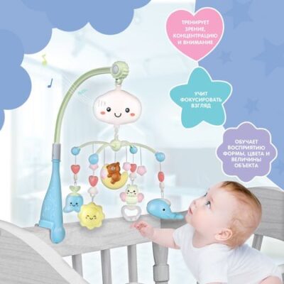 Мобиль музыкальный «Волшебные сны», звук, свет, цвет голубой. Музыкальный мобиль «Волшебные сны» привлечет внимание трогательным дизайном и надолго займет малыша благодаря множеству полезных функций. Игрушка не только развлечет ребенка — с ней можно осваивать новые навыки! Колыбельные песенки успокоят малыша и подготовят его ко сну. Подвижные красочные погремушки и звуки, которые они издают, привлекают внимание малыша. Он с радостью наблюдает за фигурками, пытается дотянуться. Таким образом развивает зрение, внимание, способность концентрироваться на предмете. <b> Особенности игрушки</b> <ul> <li> Мобиль крепится на кроватку с помощью удобного кронштейна.</li> <li> Музыкальный проектор показывает одну картинку — звездное небо. Изображение можно включать и выключать.</li> <li> Игрушка воспроизводит 7 колыбельных песен и 3 спокойные мелодии. Есть регулировка звука и кнопка включения-выключения.</li> <li> Все погремушки съемные, ими можно играть по отдельности. Месяц со световыми эффектами.</li> </ul>
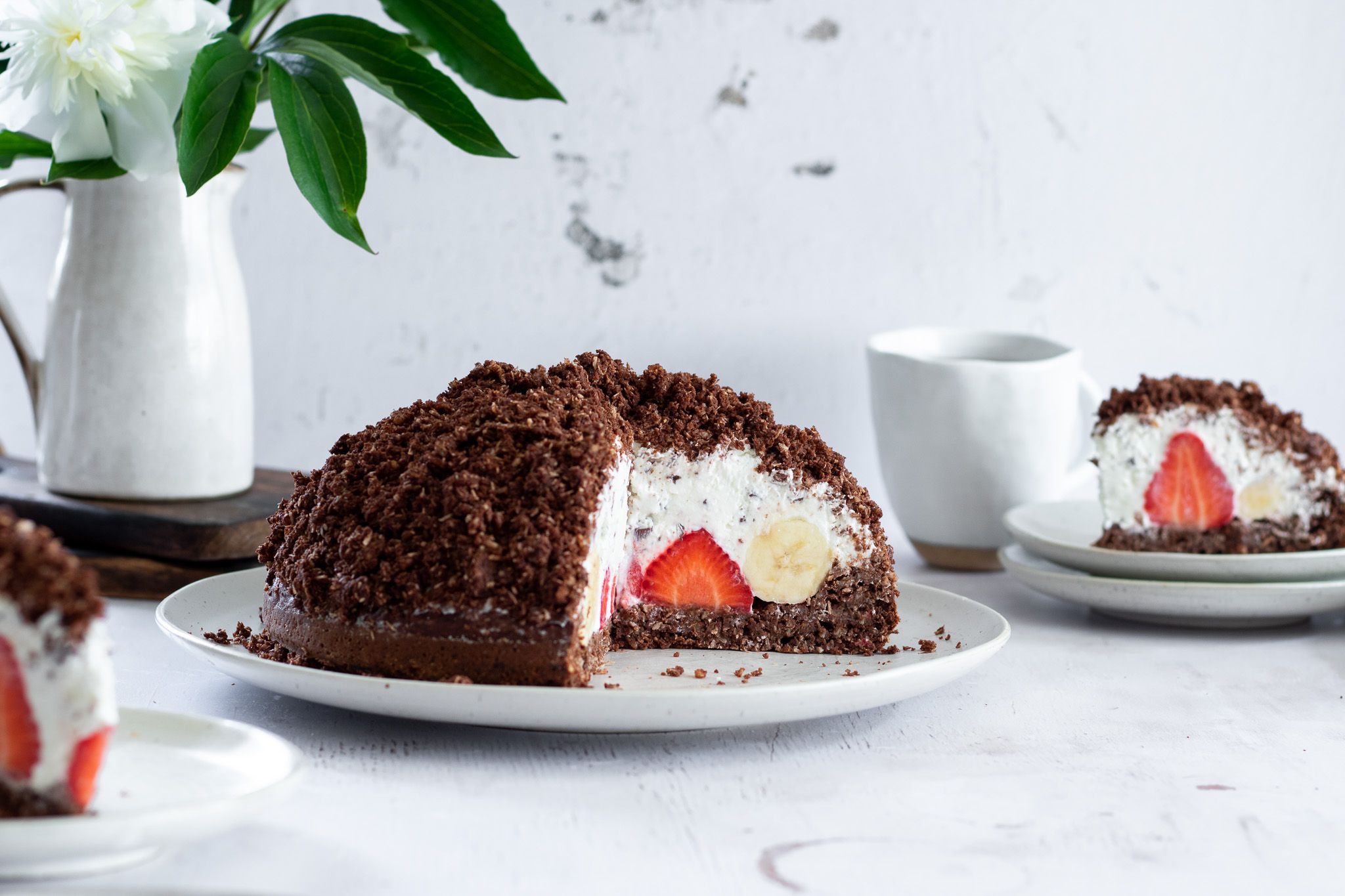 4. Korpus vyberte z formy a preložte na tanier. Lyžicou vydlabte z korpusu kruh asi do polovice výšky, pričom si ponechajte asi 2 cm okraja. Vydlabaný korpus rozmrvte.
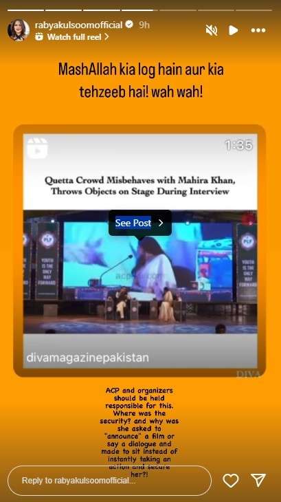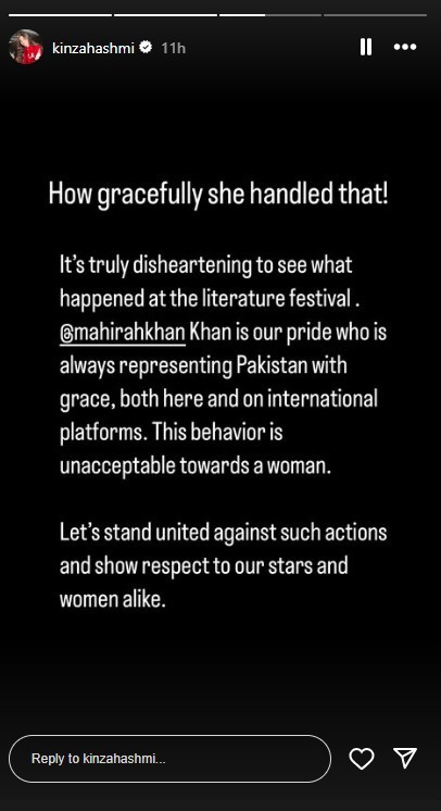 Actress Kinza Hashmi took to her Instagram story to condemn the crowd's “unacceptable” behaviour towards Mahira Khan.
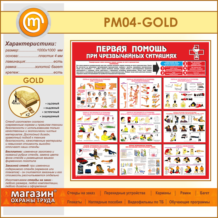 Стенд «Первая помощь при чрезвычайных ситуациях» (PM-04-GOLD) в Омске купить
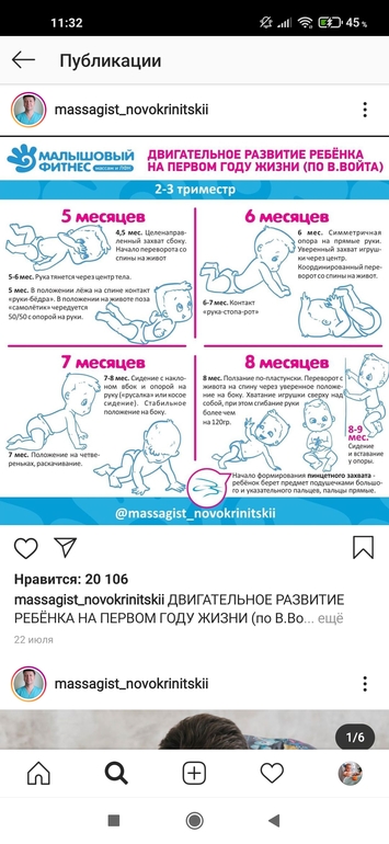 Мы в месяц держали голову лежа на животе, тут у нас по-другому. Может ленится, не знаю. Пока ползает по комнате проблем нет 😄 думаю и я ищу проблему зря. Сын любит когда под подмышки держим и он будет ходит/прыгает. Смеётся во всю)
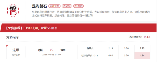 3、往绩交锋近10次,尼斯4胜4平2负占据上风,交锋不怵对手;本场比赛各机构初盘开出主让平半高水的初盘,受注后上盘涨至超高水,部分公司甚至退盘平手盘主队中水受注,在尼斯刚刚赢球止颓,交锋占优的情况下,盘口走势不利于主场作战的尼斯赢球,看好客场作战的雷恩不败!
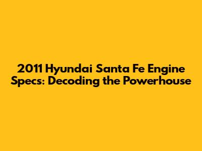 Hey car enthusiasts! Let's dive deep into the heart of the 2011 Hyundai Santa Fe – the engine! Understanding the engine specs is super important if you're thinking about buying one, if you're a current owner, or if you're just a gearhead who loves knowing the nitty-gritty details. We'll break down everything from the engine's cubic centimeters (cc) and horsepower to its fuel efficiency and what kind of driving experience you can expect. Ready? Let's get started!

________________________________________

Assignment> Of the lines above, quote exactly those from the one with "в Омске купить" through the one with "Мы в месяц держали", ends included; pictures stay out.

Output below>
 Стенд «Первая помощь при чрезвычайных ситуациях» (PM-04-GOLD) в Омске купить
 Мы в месяц держали голову лежа на животе, тут у нас по-другому. Может ленится, не знаю. Пока ползает по комнате проблем нет 😄 думаю и я ищу проблему зря. Сын любит когда под подмышки держим и он будет ходит/прыгает. Смеётся во всю)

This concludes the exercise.